One key property of OpenMP is that it is largely portable across platforms and compilers. A program that uses only basic constructs like parallel and parallel for will typically compile and run on any system with a conforming OpenMP-capable compiler.

Because OpenMP uses preprocessor directives and comments that are ignored by non OpenMP compilers, the same source code can serve both as serial and parallel code.

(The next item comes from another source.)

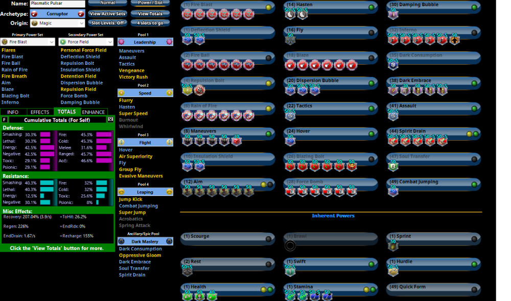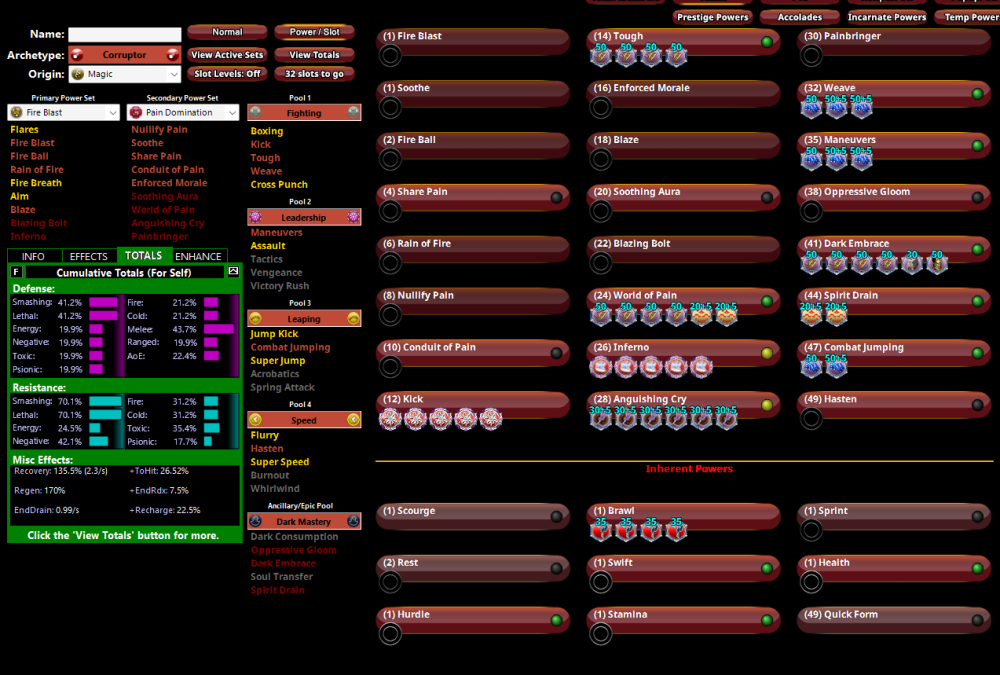 You build for def but have no steadfast +3 def which gives in 1 slot more def than your 6 slots of gaussians. You build for HP but have no unbreakable guard +7.5% HP which at 4 slots also gives melee def that you crave. When constructing a build, ensure key uniques and critical procs are in the right positions before you go off chasing set bonuses. Take fire blast, not flares. Better DPA and recharges within the animation time of any of your other attacks. Def/insulation shield should be slotted lotg, +5 lotg: D (not D/E) for a 2-slot budget. You don't need the endrdx because it lasts 4 mins and costs only 7.8 end. PFF is one of very few powers in the game that are nigh-useless. You may think it makes sense for emergencies, but if you are old and addled (your words, not mine), you want to avoid powers that require you to toggle them on to avert disaster (as PFF does), because you are less likely to recognize the danger and activate them in time. You want passive defenses and mitigation such as def and res set bonuses, or at least powers that you routinely use every time they are available, such as barrier. Besides, you have PFF, repulsion field and a self-rez, so this sounds excessive to me. Drop it and move the lotg to CJ (loses only 0.34% def to all). When slotting CJ and hover try to use them as your lotg mules. As I have just demonstrated, a single lotg in CJ/hover is slot-efficient because the lotg special boosts def, other defense uniques like kismet, winter's and reactive def do not. Hence, mule the lotgs in CJ/hover, and mule the non-def-boosting uniques elsewhere. Rep-bolt and force bomb are used for their -res, the most important debuff in the game. They are a critical part of FF's arsenal, should not be skipped, and should be taken at the earliest opportunity (level 4/28). Damping is overslotted. It is a location aoe not a toggle, and the cost is low, so you don't need endrdx. Slotting def enhancement increases the strength of the -def resistance. This can be worthwhile, but you can cap it with 1-3 slots; there is no need to give it 5. Dark embrace is underslotted despite the effort you put into chasing res bonuses, a classic case of penny wise, pound foolish. Slotting in soul transfer and inferno should be swapped. Inferno is the dps power, so it should get the set with the better damage proc, better endrdx and the -res proc. This can be chalked up to playstyle differences but you do not need melee def as a hoverblaster. You have no powers that require hanging out in melee, except for briefly dipping in for an inferno. Armored toons need melee def, because they both stay in melee for prolonged periods AND often have aggro auras that make mobs cluster tightly around them and not run, you do not. This is a very minor gain, but purples and pvpios can be boosted +5 without losing set bonuses when exemplared. For all your fear of dying I am surprised to see you have no prevmed proc. It can be useful because the chance to proc goes up when you are at low HP. This is a minor nitpick but maneuvers is overslotted. 4 slots is the max number of shield walls you need, for the EN res. Mitigation toggles typically do not need more than 3-4 slots because you really only want 3 things from them, def/res, endrdx, and uniques/procs. There are a few exceptions (a few tankers may find it worthwhile to have a 6x unbreakable guard for the res, on some builds with poor set diversity 6x glad armor is a way to get ranged def from a power that normally doesn't give it) but in general you do not need to slot them too heavily. No spirit drain. Spirit drain is very good even though it can now only max out at around 50% uptime, unlike the old soul drain (note: duration is 15s, mids is incorrect). Aim + spirit drain + inferno. You seem to be taking clarion radial for the +special. Because you already have mez prot vs all but sleep from disp bubble, a potential alternative is to take soul (not dark) mastery, which offers power boost, soul drain and dark embrace instead, but no self-rez. This can then free you to take a different destiny, either barrier or ageless, the former of which will result in higher def across the board for you and your team. Only you can decide if you die often enough to neez a self-rez, though. You seem to be using support hybrid to softcap. As a note of caution, support hybrid is not permanent. When activated, the toggle stays active for 2 mins; then it detoggles on its own and starts recharging, which takes another 2 mins. Hence, its uptime will only ever be 50% at most. I'm sorry if I sound like I'm talking down to you and telling you lots of things you already know, but I've already seen multiple basic misconceptions in this build, so I'm being thorough. Your overall build goals and incarnate strategy can be rethought. Right now, you have agility. Agility is a defensive alpha. It tanks your proc chances and hence dps, and in return, both boosts def and frees you to chase def bonuses without regard to rech. If you're using agility alpha, you should cut some rech bonuses and try to hit 40% or 45% def to R/aoe without hybrid. As it is, you have "too much" rech (hasten is far above permanent at current rech levels) and "too little" def if we discount the def you are getting from hybrid, which is not permanent. A fightingless R/aoe softcap is easily achievable with 3 +def pool powers and agility alpha: This is with support hybrid OFF and hasten at a rech of 120.1s. 4 slots to spend. Your -KB is in the gladiator's armor 3x bonus. In fact, agility is not required: FF has no long-recharging powers that require hasten. It is perfectly fine to drop agility for some other alpha, usually musc radial or intuition radial (musc would also keep the endmod bonus), buff the def a little to compensate, and just live with hasten being 2-8s off perma. Put an FF proc in force bomb or something, if it truly bothers you. My own fire/FF runs musc/barrier/assault with tri-vector softcap and soul mastery.

Putting It All Together: A Simple Example

To summarize, consider a simple OpenMP program that adds two vectors and computes the sum of the result, using parallel loops and a reduction.

#include <stdio.h>
#include <stdlib.h>
#include <omp.h>
int main(int argc, char *argv[]) {
    int N = 1000000;
    if (argc > 1) {
        N = atoi(argv[1]);
    }
    double *a = malloc(N * sizeof(double));
    double *b = malloc(N * sizeof(double));
    double *c = malloc(N * sizeof(double));
    for (int i = 0; i < N; i++) {
        a[i] = 1.0;
        b[i] = 2.0;
    }
    double t0 = omp_get_wtime();
    #pragma omp parallel for
    for (int i = 0; i < N; i++) {
        c[i] = a[i] + b[i];
    }
    double sum = 0.0;
    #pragma omp parallel for reduction(+:sum)
    for (int i = 0; i < N; i++) {
        sum += c[i];
    }
    double t1 = omp_get_wtime();
    printf("Sum = %f\n", sum);
    printf("Elapsed time = %f seconds\n", t1 - t0);
    free(a);
    free(b);
    free(c);
    return 0;
}

This program illustrates several core OpenMP ideas:

Use of #include <omp.h> and -fopenmp or equivalent to enable OpenMP.

A parallel loop that divides work across threads.

A reduction that safely combines partial results.

Simple timing with omp_get_wtime.

In practice, you would compare the runtime with and without OpenMP, and experiment with OMP_NUM_THREADS to see how performance scales with the number of cores. As you proceed through the following chapters, you will learn how to control threads more precisely, how work is shared, how to avoid race conditions, and how to tune OpenMP programs for high performance on real HPC systems.